Desde luego que no echaría de menos el caos que había vivido en el otro lado de la valla trasera desde que Carlie y los Excavadores se habían trasladado allí hacía tres meses. No le importaría tanto si ella mantuviera el caos en su lado de la valla de madera que separaba los dos patios traseros, pero sus perros, dos cachorros traviesos que prometían crecer hasta alcanzar dimensiones equinas, lograban escapar casi a diario, para detrimento del patio que le pertenecía.
Su agente inmobiliario le había echado un vistazo a los agujeros del tamaño de cráteres que marcaban su césped y había decretado con tono ominoso que eso representaría un descenso enorme en el valor de la propiedad.
«Hay que arreglar ese desorden de inmediato».

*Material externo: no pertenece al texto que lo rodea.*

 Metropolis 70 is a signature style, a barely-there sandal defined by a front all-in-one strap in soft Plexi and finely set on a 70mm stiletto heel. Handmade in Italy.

Lo había arreglado, pero no pasó mucho hasta que Mantequilla de Cacahuete y Gelatina, M.C. y G., para abreviar, regresaran para causar estragos en su patio otra vez. ¿Desde cuándo a los perros les encantaba excavar agujeros? Era como si esos perros locos pensaran que, en su patio, se escondía un tesoro pirata. Sí, en cada ocasión, Carlie le había ofrecido profusas disculpas, y no podía negar que estaba preciosa mientras lo hacía, pero ya estaba harto. Probablemente, no le habría importado tanto si no quisiera vender la casa.

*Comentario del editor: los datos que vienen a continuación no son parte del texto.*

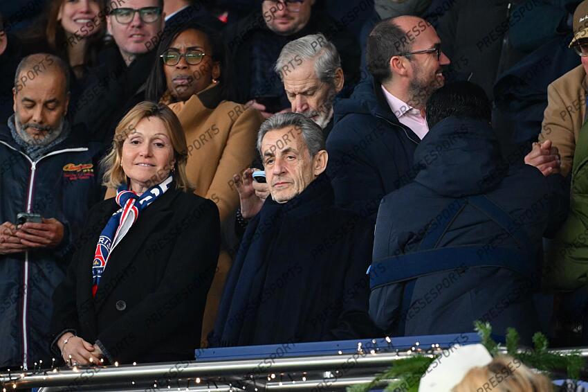 braun pivet (yael) sarkozy (nicolas) FOOT LIGUE DES CHAMPIONS 2025 PSG-TOTTENHAM (5-3) PARC DES PRINCES PARIS FRANCE 26/11/2025 REAU ALEXIS
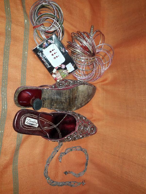 В подарок к костюму традиционные расшитые бисером туфли (размер 36-37), браслеты и анклеты (браслеты-цепочки на ноги), наклейки на переносицу
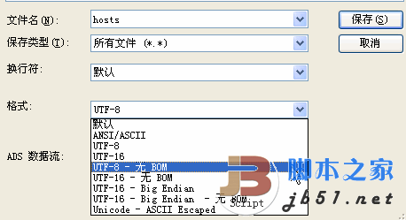 转换的方法有很多,常见的UltraEdit-32或NotePad++都可以,以UltraEdit-32为例。打开文件后,选择“另存为”,在“格式”一栏中有如下选择: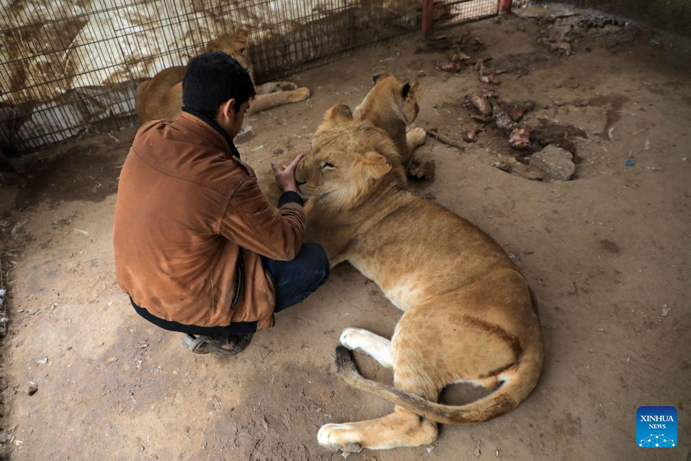 A staff member checks health conditions of lions at a private zoo in the southern Gaza Strip city of Rafah, Jan. 2, 2024. Animals at the zoo are suffering from food shortage due to the Israel-Hamas conflict. (Photo by Rizek Abdeljawad/Xinhua)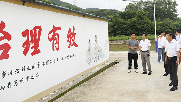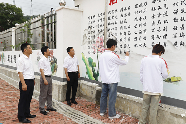 畢明生一行沿著修整一新的鄉(xiāng)間小路,看著周邊白凈的墻面上一幅幅生動的手繪畫面,聽著參與繪畫的師生的細(xì)致介紹,不時(shí)獲得沿途村民滿意的贊賞,對付出辛勤勞動的師生和創(chuàng)作成果給予了充分肯定。
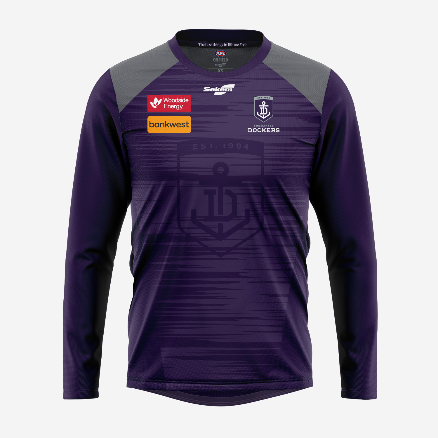 The Official Fremantle Player Training Tee Long Sleeve is the same performance top worn by the players during their training sessions, offering fans an authentic piece of the team’s preparation gear. Crafted from premium Eco-Lite fabric and made with 100% recycled polyester, it provides an environmentally conscious choice without compromising on comfort or durability. The advanced moisture-wicking technology efficiently draws sweat away from the skin, helping you stay cool, dry, and comfortable during high-intensity training or everyday activity. With its lightweight feel, breathable design, and added long-sleeve coverage for extra warmth and protection, this training tee is perfect for cooler conditions, outdoor workouts, or showing your Fremantle pride year-round. Made by Sekem.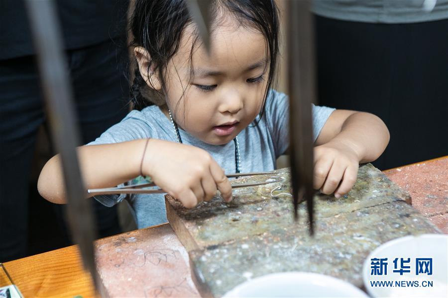 8月3日,來自西安的小朋友月白在龍?zhí)栥y飾體驗工作室中學(xué)習(xí)制作銀飾。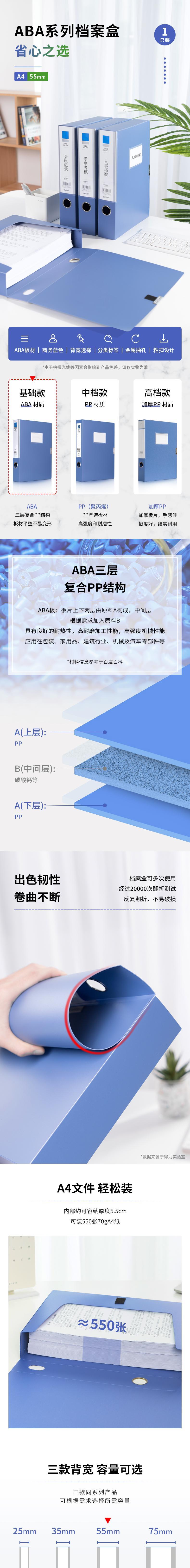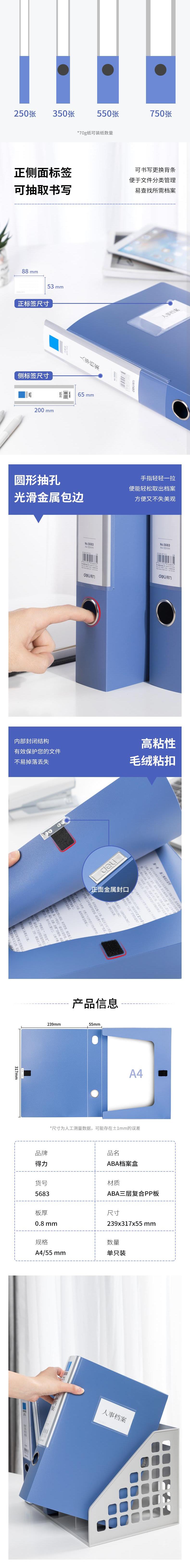 商品标题:得力 PP档案盒 5683 239*317*55mm(单位:只)蓝色粘扣

– No puedo decir que me entusiasme la perspectiva de ir al vivero a comprar césped y tierra -dijo Kevin-. ¿Qué más tienes?
Daniel volvió a consultar la lista.
– Sellos en la oficina de correos.
– Eso no suena a café cargado. ¿Qué más?
– Masilla y yeso en la ferretería.
– Me estás matando.
– Regalo de cumpleaños para mamá.
– Cielos, lo había olvidado.
– Pues me debes una gorda.
– Eso no me gusta nada. Seguro que terminaré rellenando agujeros abiertos por perros, ¿verdad?
– Me temo que sí.
– Pero su cumpleaños es el día de San Valentín. Eso es dentro de… dos semanas.
– Quiero comprarle el regalo hoy y mandárselo por correo antes de quedar agobiado por la mudanza.
La expresión de Kevin fue de esperanza.
– Como siempre, le compramos chocolate para su cumpleaños, veo algo dulce para comer en mi futuro inmediato. Y donde hay chocolate no puede andar lejos un café -se frotó las manos-. Vamos.
Como no podía estar en desacuerdo con que comprar chocolate sonaba mucho mejor que comprar tierra, guardó la lista en el bolsillo.
– Hoy abre una confitería nueva sobre la que leí en el periódico -fue hacia la esquina y Kevin se unió a él-. Se llama Dulce Pecado y se especializa en chocolates -sonrió. Podía ser difícil sorprender a su madre, pero ese año disponía de una ventaja, o eso esperaba, con el nuevo local. Según el anuncio en el periódico, la tienda prometía una asombrosa variedad de confituras de chocolate.
Al girar en la esquina de Larchmont Street, ver a una figura familiar caminando hacia ellos hizo que aminorara el paso. Luego se detuvo de golpe, como si se hubiera topado con una pared.